During summer of 2018, more than 100 members of the El Corozo community planted 1,000 trees near the city’s water source and began removing trash from the Calico River as part of a new recycling initiative. The nearby community of San Dionisio participated in the river clean-up and reforestation efforts; in return, the Corozo community will help with a larger river clean-up and reforestation initiative in their region. “My teacher at the school in El Corozo,” Zeledón said, “told me she had wanted to do a river clean up for over ten years but couldn’t figure out how to motivate the students to do it. She was elated when students, older siblings and parents all showed up to help.” It’s clear that both sisters inspire people to feel their potential as participants in a movement to turn the reservation into a flourishing place that encourages others.
In addition to 1,000 native tree seedlings and reforestation materials, the Pollination Project and Artists for Soup have provided 380 fruit trees for 48 families, including biointensive family garden participants. These trees have all been planted in the first stage of what will become an ongoing effort to re-green the reservation.

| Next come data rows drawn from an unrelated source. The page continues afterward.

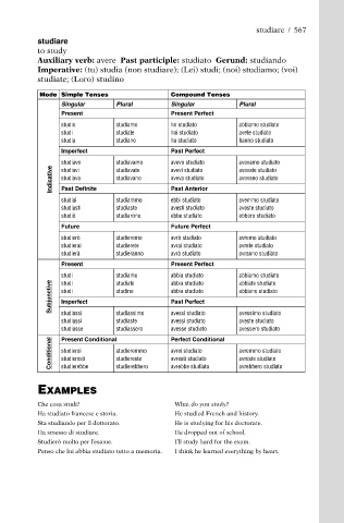 Auxiliary verb: avere Past participle: studiato Gerund: studiando
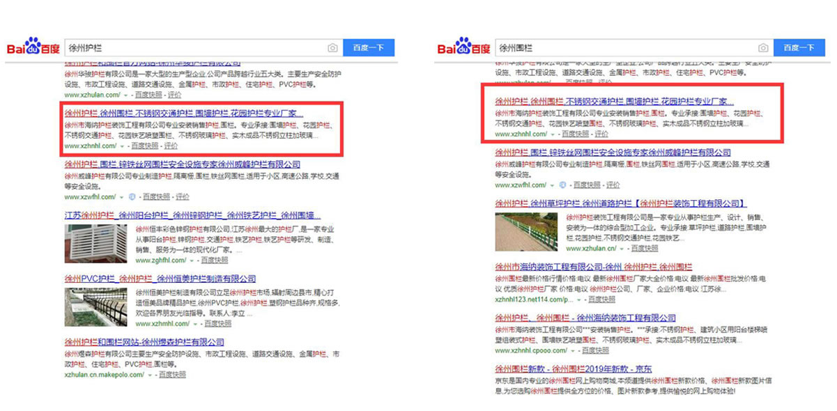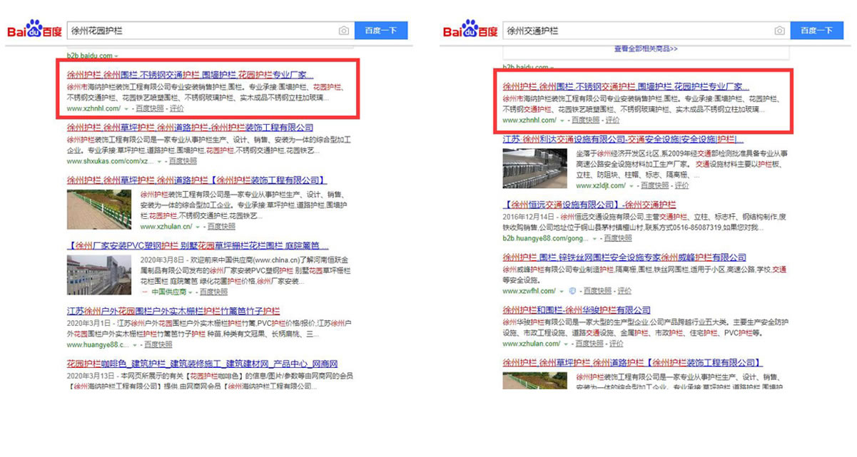 徐州海納護欄工關鍵詞排名效果
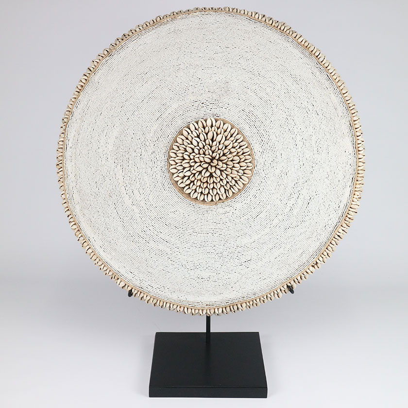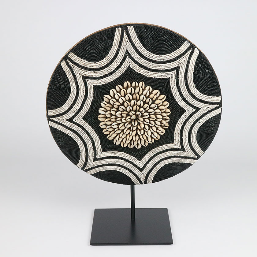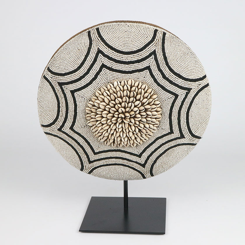 WOOD BEADED SHIELD ON STAND
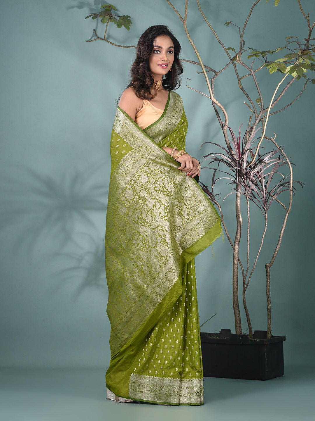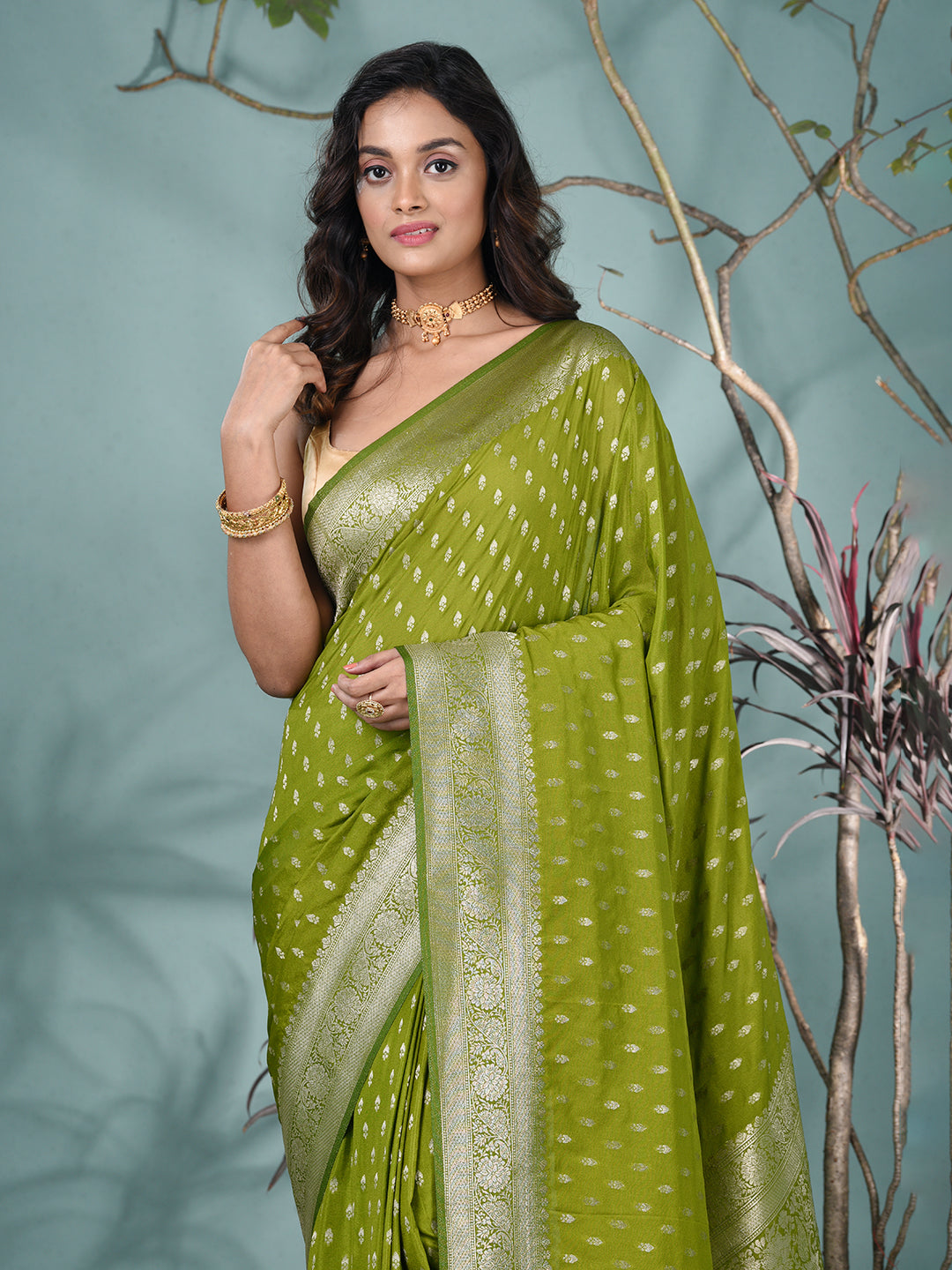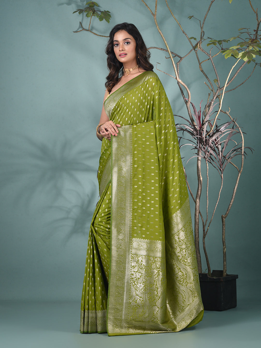 Elevate your elegance with this exquisite Green Georgette Saree, designed for every special occasion. The soft, flowing georgette fabric ensures a comfortable and flattering drape, while the subtle green hue adds a touch of grace. The saree is beautifully enhanced with intricate silver zari work along the borders, creating a stunning contrast that adds sophistication and charm. This saree comes with a matching blouse piece, making it a complete ensemble for your next festive or wedding event. Perfect for traditional celebrations, receptions, or upscale gatherings, this saree exudes timeless beauty and understated luxury.

Zeledón also coordinates making and distributing seed balls to throw in deforested areas as part of a youth initiative to engage teens in projects that resist climate change. Zeledón adapted this seed ball initiative as an inexpensive and simple way to start reforestation in large areas after reading about the transformative work of an organization called Seed Balls of Kenya.
Jacques Leslie sums up the science behind the work of Aráuz and Zeledón in a New York Times article titled “Soil Power: The Dirty Way to a Green Planet.” He turns around the grim prophecy that the development of agriculture 10,000 years ago was the beginning of the end of the Earth by making the case for carbon sequestration in soil and vegetation as a way to remove carbon from the atmosphere. He writes, “Instead of overcoming nature, [carbon sequestration] reinforces it, promoting the propagation of plant life to return carbon to the soil that was there in the first place — until destructive agricultural practices prompted its release into the atmosphere as carbon dioxide.”
If subsistence farmers using regenerative agriculture methods are more likely to resist climate change than massive, expensive geoengineering projects ever will, Aráuz and Zeledón are showing families and schools in Nicaragua how to animate others in precipitating a restoration process while growing good food locally and planting trees.